» Exercise: With the pictures left out, write out exactly the lines of the listing below that run from the line with "Pre-orders for the" through the line with "Gont blaszany JANOSIK".

» Task input:
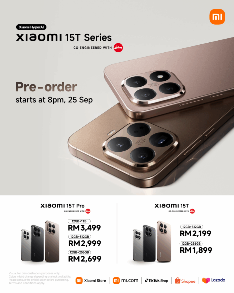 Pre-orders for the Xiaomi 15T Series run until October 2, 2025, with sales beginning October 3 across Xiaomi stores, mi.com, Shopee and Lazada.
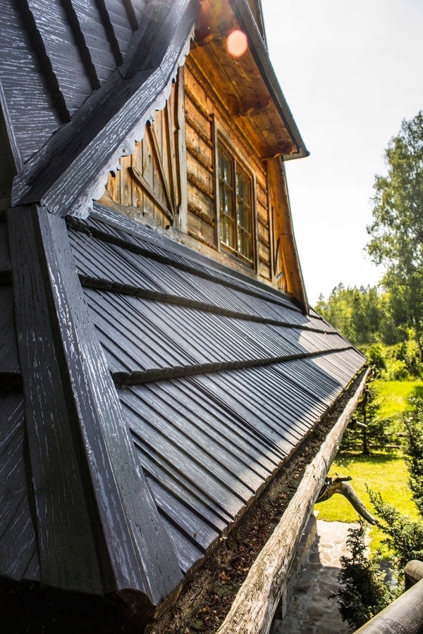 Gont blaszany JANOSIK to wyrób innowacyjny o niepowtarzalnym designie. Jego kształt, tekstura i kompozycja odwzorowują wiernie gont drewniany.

...

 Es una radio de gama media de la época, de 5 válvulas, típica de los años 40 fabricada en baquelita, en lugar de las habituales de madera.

» Output of the task:
 Pre-orders for the Xiaomi 15T Series run until October 2, 2025, with sales beginning October 3 across Xiaomi stores, mi.com, Shopee and Lazada.
 Gont blaszany JANOSIK to wyrób innowacyjny o niepowtarzalnym designie. Jego kształt, tekstura i kompozycja odwzorowują wiernie gont drewniany.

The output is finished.